One pressing question is whether the immense projects that may be necessary to protect our coastal city from the ravages of climate change over the coming decades are subject to the environmental review requirements of SEQRA. As a general rule, the answer to that question would be in the affirmative, unless the project is federally funded and an EIS is prepared under the National Environmental Policy Act, in which case state and local agencies could discharge their responsibilities under SEQRA by relying on federal documents.5 However, there are a number of exceptions to this general rule with relevance to climate change adaptation.
For example, the New York Public Authorities Law exempts from SEQRA transportation projects carried out by the Metropolitan Transportation Authority (MTA) on property previously in transportation use or on an insubstantial addition to such property, so long as the project would not substantially change the nature of such prior transportation use.6 Accordingly, projects undertaken by MTA to protect subway tunnels or other essential infrastructure from flooding may enjoy an exemption under this statutory provision, even if their cost were to run into the billions.

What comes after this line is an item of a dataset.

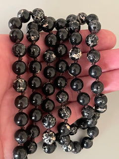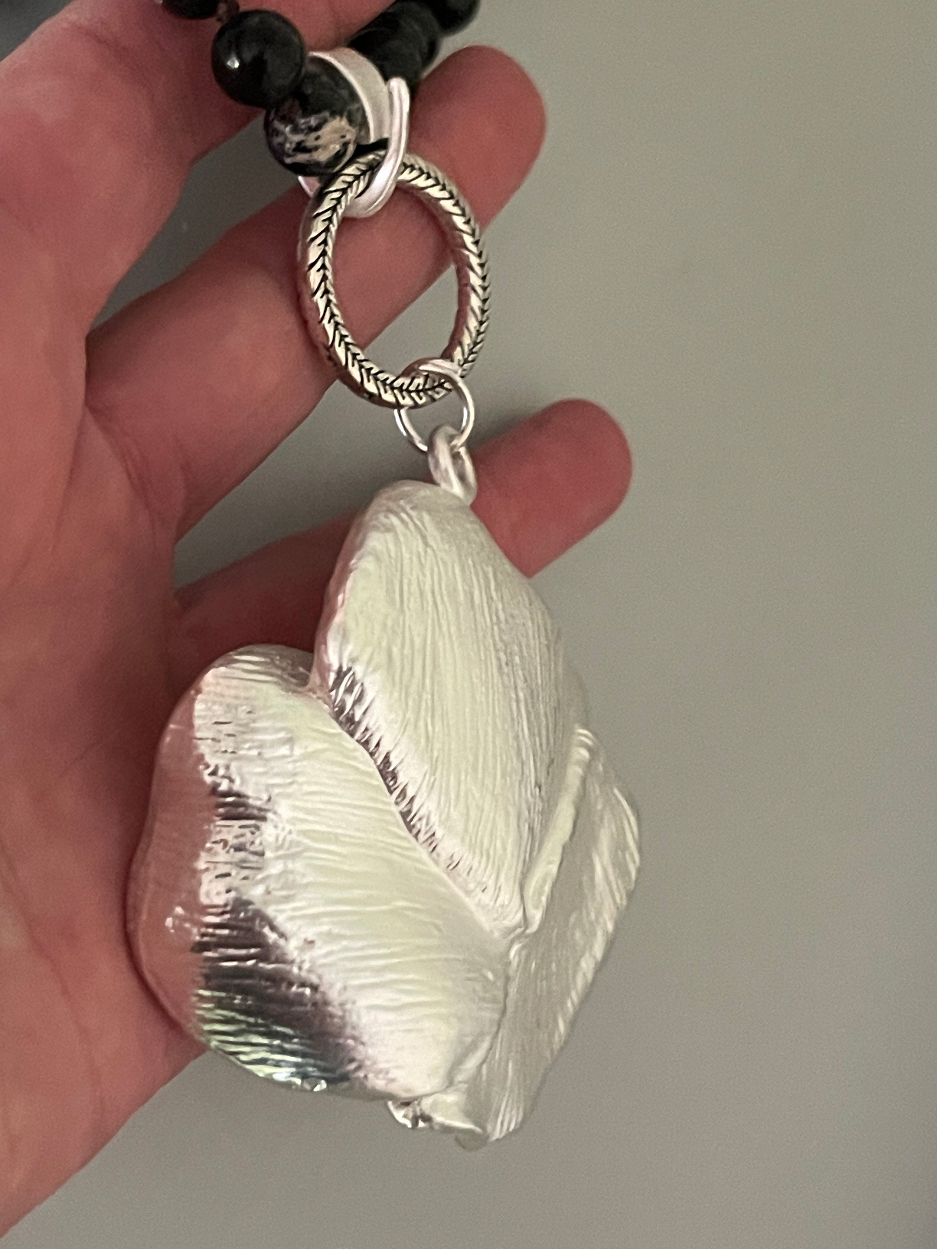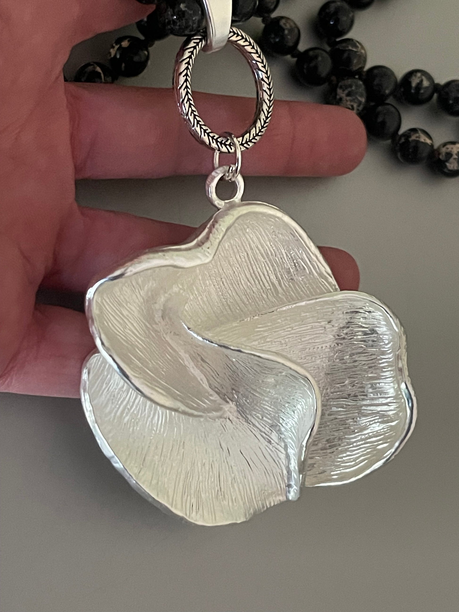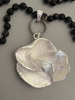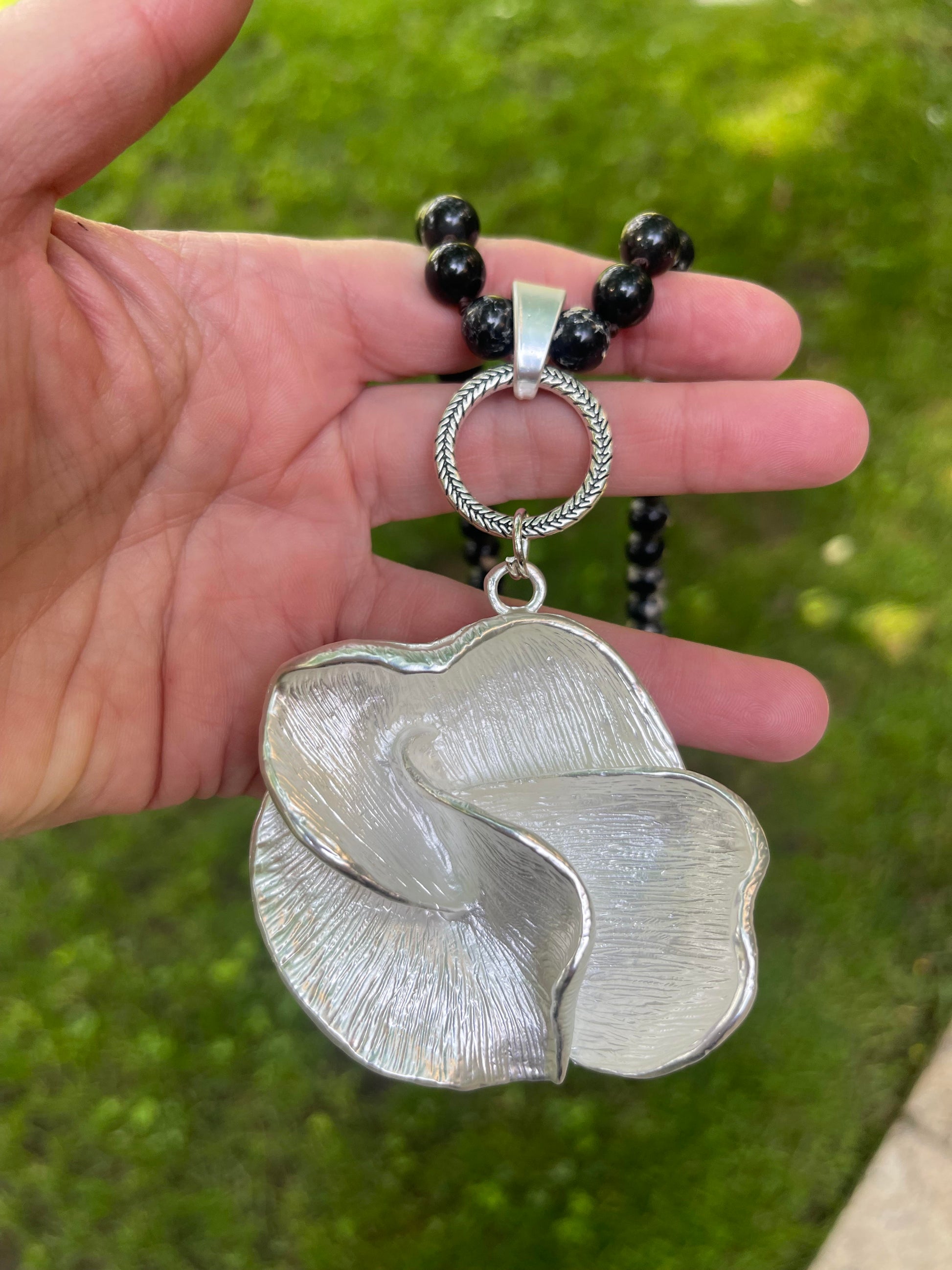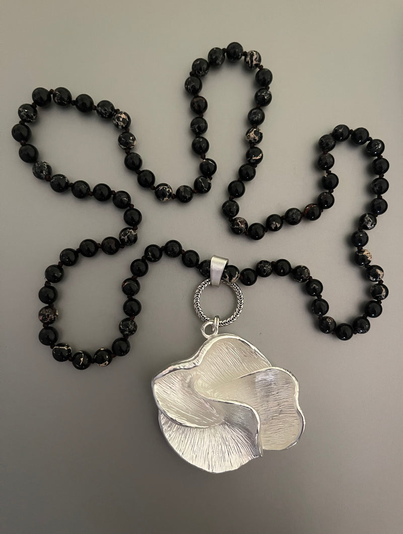 Collar Hippie Chic largo con precioso colgante de flor plateado opaco y piedras naturales anudadas negras con leves vetas blancas.

Moreover, replacements of existing structures in kind, on the same site, may be exempt from environmental review under a "Type II" category established by the SEQRA regulations.7 This exemption could cover much of the reconstruction needed in the aftermath of an extraordinary storm event.
SEQRA also includes an emergency exemption, which applies to actions that are immediately necessary on a limited and temporary basis to protect or preserve "life, health, property or natural resources," provided that such actions are directly related to the emergency and are performed to cause the least disturbance practicable to the environment.8 Thus, for this exemption to apply there must be a real emergency, the agency action must be tailored in scope and duration to address that emergency, and the action must be urgently required and must cause as little environmental disruption as practicable.